People v. McCoy
2014 IL App (2d) 130632
Ill. App. Ct.2015Background
- Thomas McCoy was charged with multiple offenses and a court-ordered fitness evaluation (May 2013) concluded he was unfit but likely restorable within a year.
- At the June 14, 2013 hearing, McCoy personally stated “I demand a jury,” repeatedly objected to a stipulated finding of unfitness, and the trial court admonished him to stop speaking and did not address his jury demand.
- The parties stipulated and the court entered a written order finding McCoy unfit to stand trial; McCoy filed a pro se notice of appeal from that order.
- McCoy was later found restored to fitness (Nov. 25, 2013) and entered guilty pleas in January 2014; he sought appellate review of the earlier unfitness finding and the court’s handling of his jury demand.

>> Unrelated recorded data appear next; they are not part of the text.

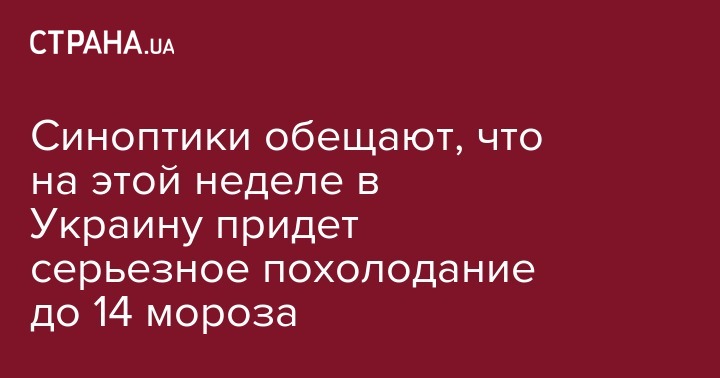 Синоптики обещают, что на этой неделе в Украину придет серьезное похолодание до 14 мороза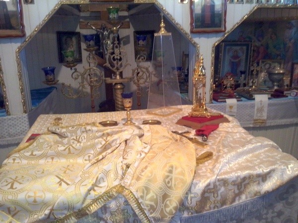 Настоятель благодарит Бога, что грабители не осквернили престол, антиминс и Богослужебные сосуды.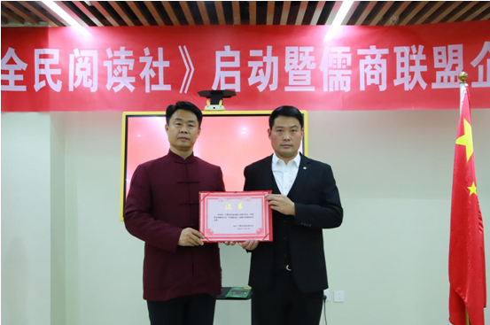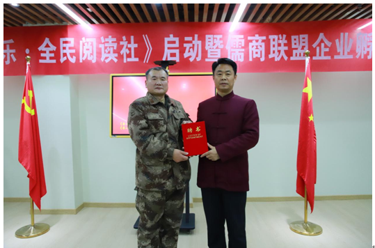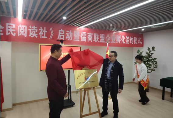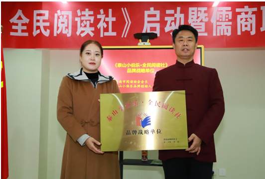 济南市统计局招商引资项目人赵玉栋(右)与山东小伯乐文化传媒有限公司董事长、泰山小伯乐品牌创始人刘建共同为《泰山小伯乐·全民阅读社》揭牌并讲话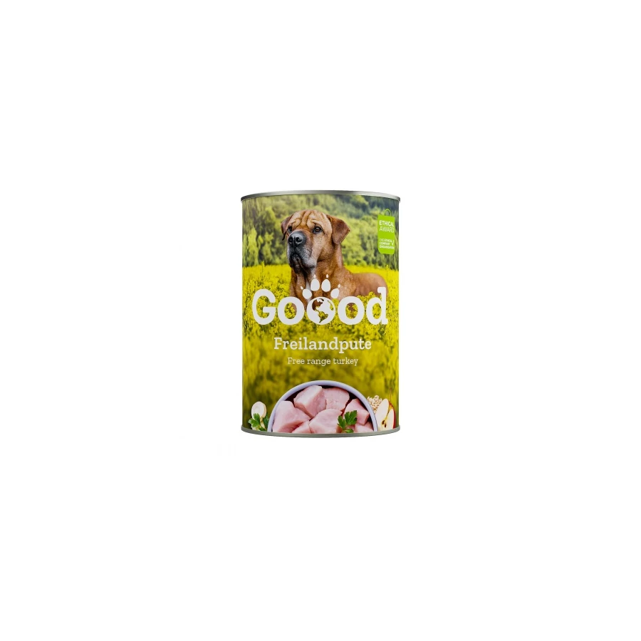 A konzervben található pulykahús zsírszegény és különösen lédús, mivel fajnak megfelelő, szabadtartású farmról származik. Az árpa és a paszternák bajor régiónkban kerül termesztésre. A pulykahús és paszternák nagyon jó hatással vannak az emésztésre és az anyagcserére. Goood konzervünk magas minőségű hozzávalókból készül, így négylábú barátodat ellátja minden fontos tápanyaggal.Magas minőségű teljes kiőrlésű gabonával. Nem tartalmaz mesterséges színezéket, ízfokozót vagy tartósítószert. Hozzáadott cukor nélkül.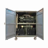 由罗茨泵(机械增压泵)为主泵,旋片式真空泵或液环式真空泵为前级泵组成。机组主要用于对需要大抽速和获得中、高真空的各种真空系统进行抽真空及干燥处理,特别适用于变压器的抽真空作业。此真空干燥抽气机组广泛用于真空冶炼、真空热处理、焊接、化工制药、真空镀膜、电子元器件等行业的抽真空干燥处理。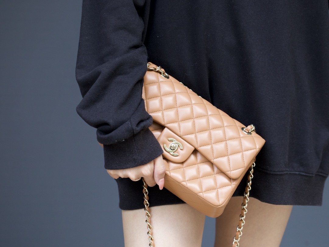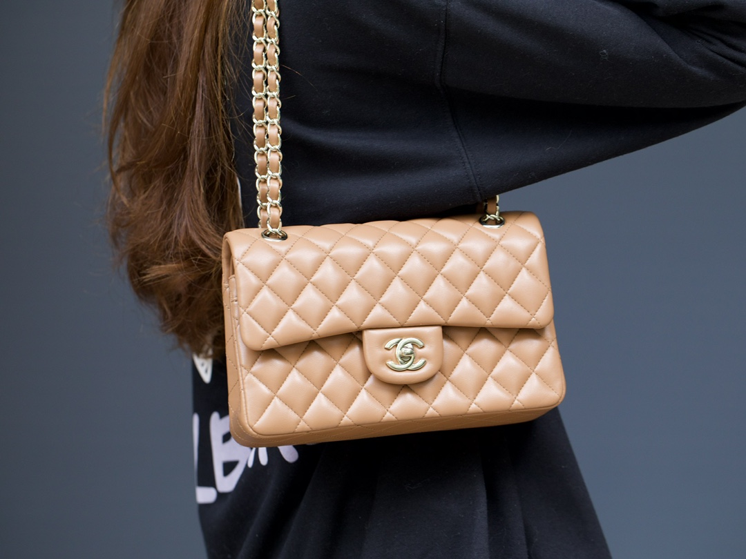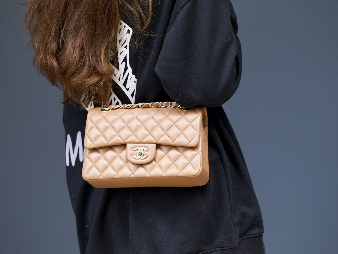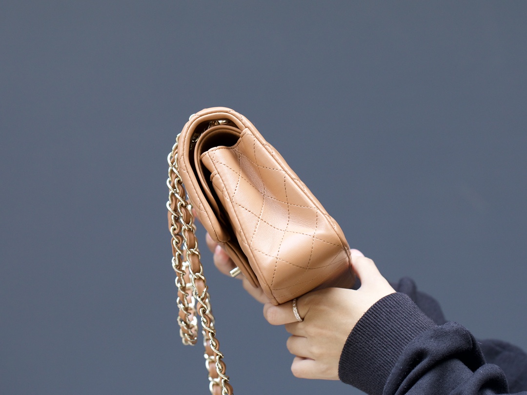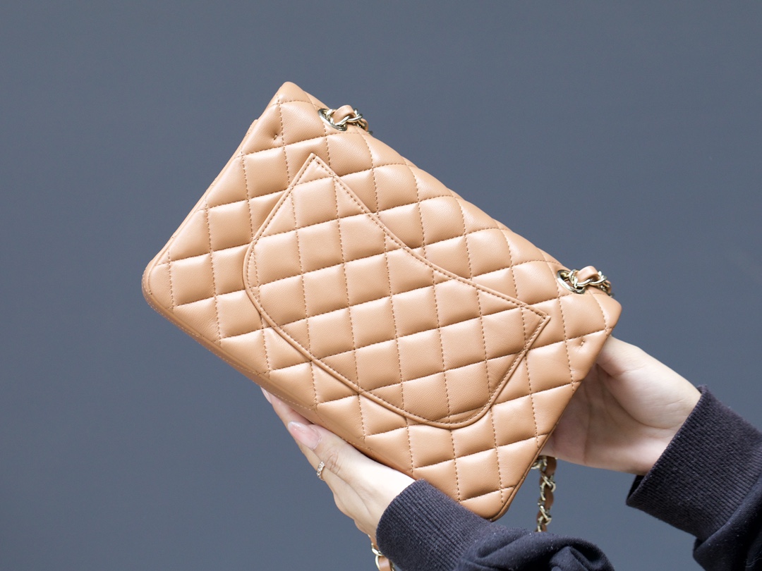 • CHANEL Small Classic Double Flap Caramel Lambskin Gold Hardware

- The appellate court considered mootness exceptions (capable-of-repetition and public-interest) and reached the merits, concluding the trial court erred by disregarding McCoy’s personal demand for a jury under section 104-12.
Issues
| Issue | Plaintiff's Argument | Defendant's Argument | Held |
|---|---|---|---|
| Whether a defendant may personally demand a jury determination of fitness under 725 ILCS 5/104-12 | The State suggested Haynes might be limited and urged deference to counsel’s role; at oral argument it challenged Haynes (forfeited) | McCoy argued Haynes allows the defendant personally to demand a jury and the court must honor that demand | Court held the defendant has a statutory right to personally demand a jury under §104-12; the trial court erred by ignoring his demand |
| Whether People v. Holt undermines Haynes or permits courts to disregard a defendant’s jury demand | State argued Holt called Haynes into question and counsel may override client preferences | McCoy relied on Haynes distinction: Holt addresses counsel’s advocacy choices, not the right to demand a jury | Court held Holt is not inconsistent with Haynes; Holt concerns counsel’s tactical choices when evidence shows unfitness, not the statutory demand right |
| Mootness of appeal after restoration to fitness and guilty pleas | State implied the issue might be moot given restoration and pleas | McCoy invoked capable-of-repetition and public-interest exceptions to preserve review | Court applied capable-of-repetition and public-interest exceptions and reached the merits |
| Whether trial court’s ignoring of personal jury demand affects jurisdiction or requires reversal | State did not press a contrary statutory interpretation in briefing; raised arguments at oral argument (forfeited) | McCoy argued the statutory right would be meaningless if courts could ignore a personal demand | Court reversed and remanded for failure to honor the statutory right to a jury demand |
Key Cases Cited
- People v. Haynes, 174 Ill.2d 204 (Ill. 1996) (interpreting “the defense” in §104-12 to include the defendant and allowing a defendant to be part of the decision to demand a jury)
- People v. Holt, 2014 IL 116989 (Ill. 2014) (holding counsel need not advocate for a finding of fitness when evidence clearly shows unfitness; limited to counsel’s advocacy role)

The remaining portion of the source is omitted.